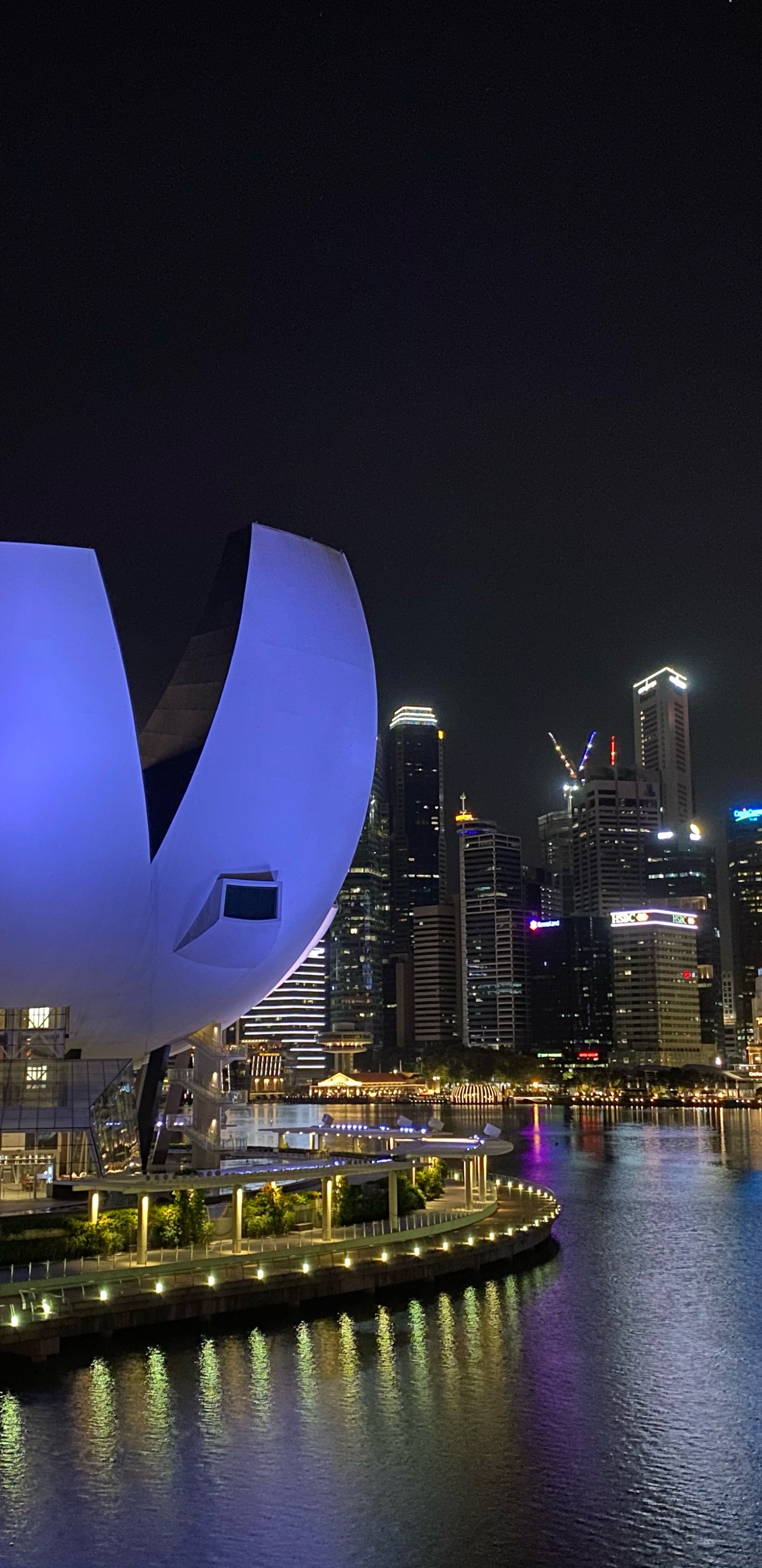 Обои отражение, небоскреб, вода, ночь, город для Samsung Galaxy S8/S8+/S9/S9+/Note 8/Note 9 QHD, заставка, 1440x2960 картинка
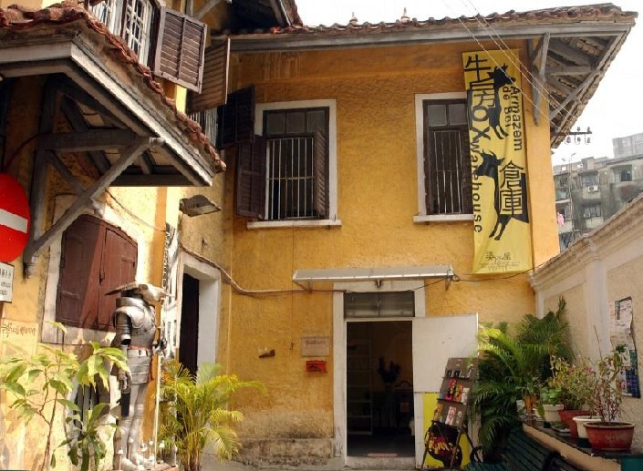 牛房倉庫原先是檢疫牛只的倉庫,現(xiàn)在是澳門藝術(shù)團(tuán)體“婆仔屋藝術(shù)空間”的展覽地。牛房倉庫旁邊有間小巧的書店,淡淡的音樂像香熏般在房間里擴(kuò)散。書店里面有個(gè)很像設(shè)計(jì)者辦公室的地點(diǎn),凌亂、狹窄,但有品位。
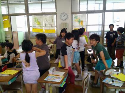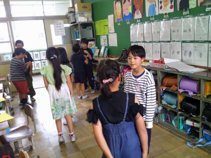 外国語活動で、晴れの日や雨の日の遊びについてそれぞれたずね合いをしました。
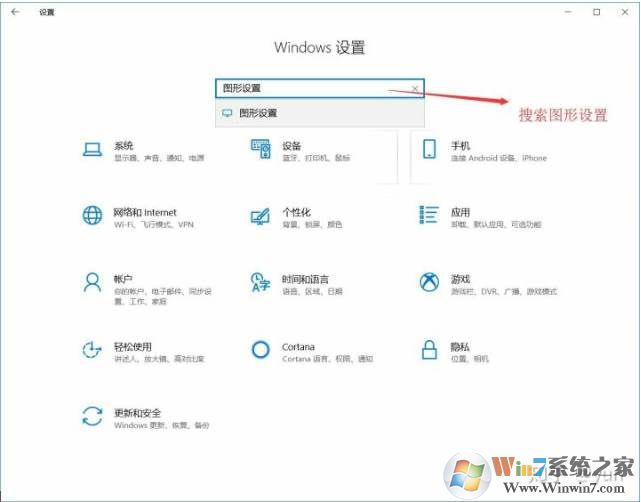 1、在設置中搜索【圖形設置】(Win10 1803才有)
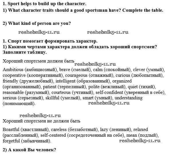 Готовая домашняя работа с ответами по Английскому языку за 8 класс Кузовлёв, Перегудова, Лапа, Костина, Дуванова, Кобец, Кузнецова Рабочая тетрадь Просвещение 2014 ФГОС - Unit 4. Are you fond of sport? урок 6
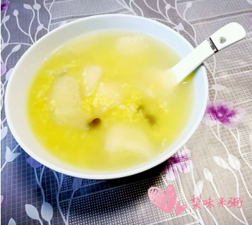 食材:鲜百合50克、雪梨1个、粳米100克、冰糖适量。
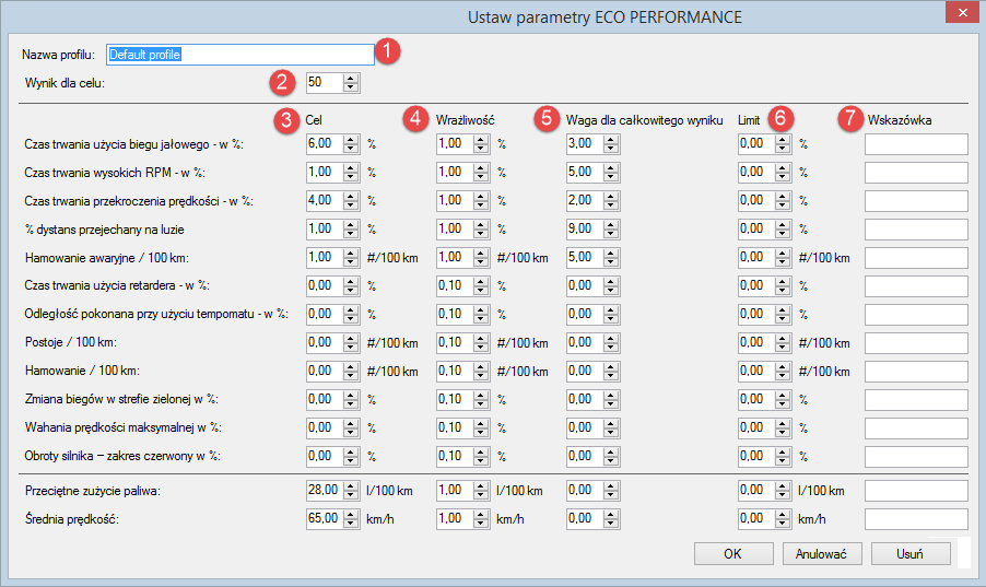 Uwaga: Dla większości wyników cząstkowych celem jest zachowanie jak najniższego wyniku, jednak w przypadku niektórych parametrów celem jest osiągnięcie wyższego wyniku cząstkowego, np. „Średnia prędkość”, „Jazda na luzie”, „Odległość pokonana przy użyciu tempomatu”. W tych przypadkach powyższa formuła jest nieco inna: Wynik cząstkowy = Wynik dla Celu - (Docelowy wynik cząstkowy - Rzeczywista wartość) / Wrażliwość) |
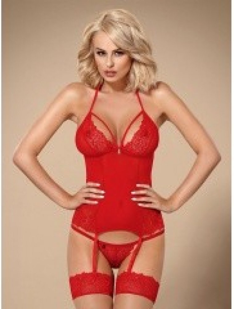 Smyslný korzet v teplé červené barvě, která perfektně ladí k Vašemu tělu. Návrh nejen na Valentýna. Korzet byl šitý z měkkého, elastického tylu s jemnou síťovinou, která se dokonale přizpůsobí tělu, s důrazem na ženské vlastnosti. Košíčky bez kostice, zdobené pásky a šperkem. Zadní strana je odkryta - korzet je po celé zadní délce na šněrování, zavazování za krkem. Sexy tanga získáte zdarma pro te...
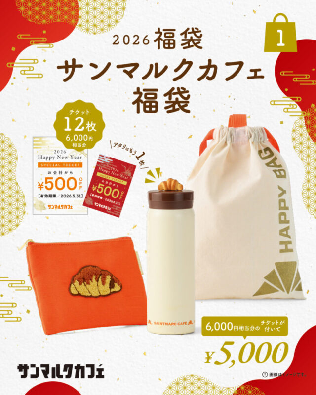 5,000円の福袋なのに6,000円分のチケットがついてくるわ、チョコクロのかわいいタンブラーついてくるわ、ポーチもあるわで、こりゃ争奪戦必至な福袋ですね。
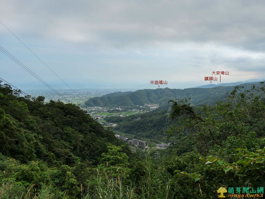 ▲往西南邊俯瞰平原西側山稜,俯瞰山下的得子口溪與對面的米曲瑤山(225M),遠方山稜標示可見下圖。
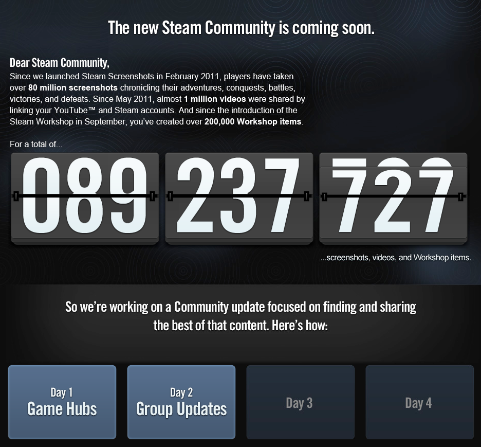Steam komunita podľa jej zakladateľov zažije v priebehu tohto týždňa najväčšiu zmenu od svojho spustenia v roku 2002. Od pondelka do štvrtka bude každý deň predstavená novinka v oblasti hráčskej komunity, ktorá by mala prispieť k lepšiemu zdieľaniu digitálneho obsahu, vytvoreného priamo používateľmi služby Steam. Od včera (pondelok) tak majú PC/Mac používatelia k dispozícii novinku v podobe služby Game Hubs. Tá umožňuje zdieľanie videí, screenshotov či módov jednotlivých hier na jednom mieste tak, aby k nim mali prístup aj ostatní hráči. To znamená, že ak vytvoríte screenshot, novú mapu, level či video, tento obsah môžte okamžite zdieľať na Game Hubs spoločne s ostatnými a tí si váš obsah budú môcť prezrieť, stiahnuť alebo nainštalovať. Keďže služba Steam Screenshots bola spustená vo februári 2011, v súčasnej dobe obsahuje Game Hubs viac ako 80 miliónov hráčskych fotografií, skoro 1 milión videí, 200 000 workshopov a ďalší hráčsky obsah.
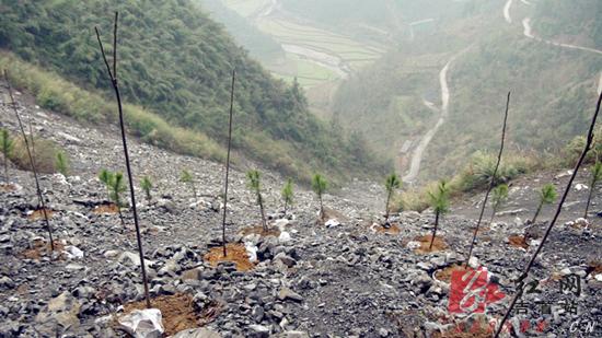 红网吉首站3月10日讯(通讯员 彭颖) 3月9日,笔者跟随吉首市林业部门工作人员来到矮寨社区那科求造林地段看到,该市去年12月开工的矮寨景区“裸露山体”造林绿化工程如今已全面完工,这段悬崖边上的“生态伤疤” 将逐步得到修复。
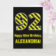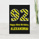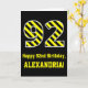 Black & Yellow Striped "92"; 92nd Birthday + Name Card
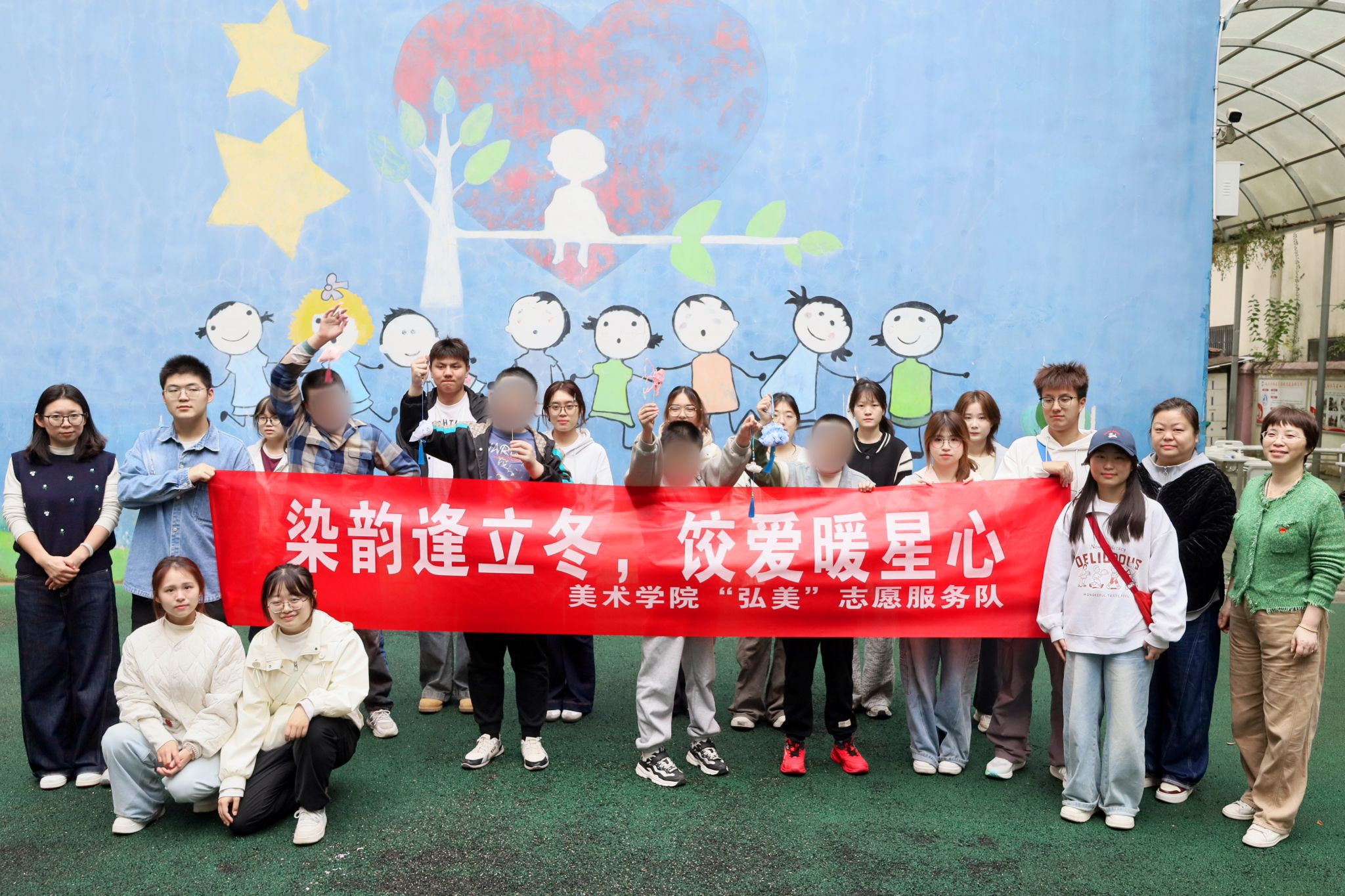 蓝白色的扎染布料勾勒着节气韵味,糖浆流转凝结着非遗温度,17名美术学院志愿者躬身陪伴在孩子们身旁,共同进行指尖创作。11月7日,立冬时节,美术学院“弘美”志愿服务队携手扎染俱乐部、大学生你好艺术家创意美工坊,走进安庆市迎江区起点特殊教育学校,以非遗技艺为媒、以节气民俗为引、以公益爱心为桥,让十至十几岁的孩子们在沉浸式体验中感受传统文化魅力,在温情互动中收获冬日暖意。

____________________

**Instructions to follow:** Reproduce every record above exactly as given, excluding pictures from the result.

**Solution to the exercise:**
 Обои отражение, небоскреб, вода, ночь, город для Samsung Galaxy S8/S8+/S9/S9+/Note 8/Note 9 QHD, заставка, 1440x2960 картинка
 牛房倉庫原先是檢疫牛只的倉庫,現(xiàn)在是澳門藝術(shù)團(tuán)體“婆仔屋藝術(shù)空間”的展覽地。牛房倉庫旁邊有間小巧的書店,淡淡的音樂像香熏般在房間里擴(kuò)散。書店里面有個(gè)很像設(shè)計(jì)者辦公室的地點(diǎn),凌亂、狹窄,但有品位。
 外国語活動で、晴れの日や雨の日の遊びについてそれぞれたずね合いをしました。
 1、在設置中搜索【圖形設置】(Win10 1803才有)
 Готовая домашняя работа с ответами по Английскому языку за 8 класс Кузовлёв, Перегудова, Лапа, Костина, Дуванова, Кобец, Кузнецова Рабочая тетрадь Просвещение 2014 ФГОС - Unit 4. Are you fond of sport? урок 6
 食材:鲜百合50克、雪梨1个、粳米100克、冰糖适量。
 Uwaga: Dla większości wyników cząstkowych celem jest zachowanie jak najniższego wyniku, jednak w przypadku niektórych parametrów celem jest osiągnięcie wyższego wyniku cząstkowego, np. „Średnia prędkość”, „Jazda na luzie”, „Odległość pokonana przy użyciu tempomatu”. W tych przypadkach powyższa formuła jest nieco inna: Wynik cząstkowy = Wynik dla Celu - (Docelowy wynik cząstkowy - Rzeczywista wartość) / Wrażliwość) |
 Smyslný korzet v teplé červené barvě, která perfektně ladí k Vašemu tělu. Návrh nejen na Valentýna. Korzet byl šitý z měkkého, elastického tylu s jemnou síťovinou, která se dokonale přizpůsobí tělu, s důrazem na ženské vlastnosti. Košíčky bez kostice, zdobené pásky a šperkem. Zadní strana je odkryta - korzet je po celé zadní délce na šněrování, zavazování za krkem. Sexy tanga získáte zdarma pro te...
 5,000円の福袋なのに6,000円分のチケットがついてくるわ、チョコクロのかわいいタンブラーついてくるわ、ポーチもあるわで、こりゃ争奪戦必至な福袋ですね。
 ▲往西南邊俯瞰平原西側山稜,俯瞰山下的得子口溪與對面的米曲瑤山(225M),遠方山稜標示可見下圖。
Steam komunita podľa jej zakladateľov zažije v priebehu tohto týždňa najväčšiu zmenu od svojho spustenia v roku 2002. Od pondelka do štvrtka bude každý deň predstavená novinka v oblasti hráčskej komunity, ktorá by mala prispieť k lepšiemu zdieľaniu digitálneho obsahu, vytvoreného priamo používateľmi služby Steam. Od včera (pondelok) tak majú PC/Mac používatelia k dispozícii novinku v podobe služby Game Hubs. Tá umožňuje zdieľanie videí, screenshotov či módov jednotlivých hier na jednom mieste tak, aby k nim mali prístup aj ostatní hráči. To znamená, že ak vytvoríte screenshot, novú mapu, level či video, tento obsah môžte okamžite zdieľať na Game Hubs spoločne s ostatnými a tí si váš obsah budú môcť prezrieť, stiahnuť alebo nainštalovať. Keďže služba Steam Screenshots bola spustená vo februári 2011, v súčasnej dobe obsahuje Game Hubs viac ako 80 miliónov hráčskych fotografií, skoro 1 milión videí, 200 000 workshopov a ďalší hráčsky obsah.
 红网吉首站3月10日讯(通讯员 彭颖) 3月9日,笔者跟随吉首市林业部门工作人员来到矮寨社区那科求造林地段看到,该市去年12月开工的矮寨景区“裸露山体”造林绿化工程如今已全面完工,这段悬崖边上的“生态伤疤” 将逐步得到修复。
 Black & Yellow Striped "92"; 92nd Birthday + Name Card
 蓝白色的扎染布料勾勒着节气韵味,糖浆流转凝结着非遗温度,17名美术学院志愿者躬身陪伴在孩子们身旁,共同进行指尖创作。11月7日,立冬时节,美术学院“弘美”志愿服务队携手扎染俱乐部、大学生你好艺术家创意美工坊,走进安庆市迎江区起点特殊教育学校,以非遗技艺为媒、以节气民俗为引、以公益爱心为桥,让十至十几岁的孩子们在沉浸式体验中感受传统文化魅力,在温情互动中收获冬日暖意。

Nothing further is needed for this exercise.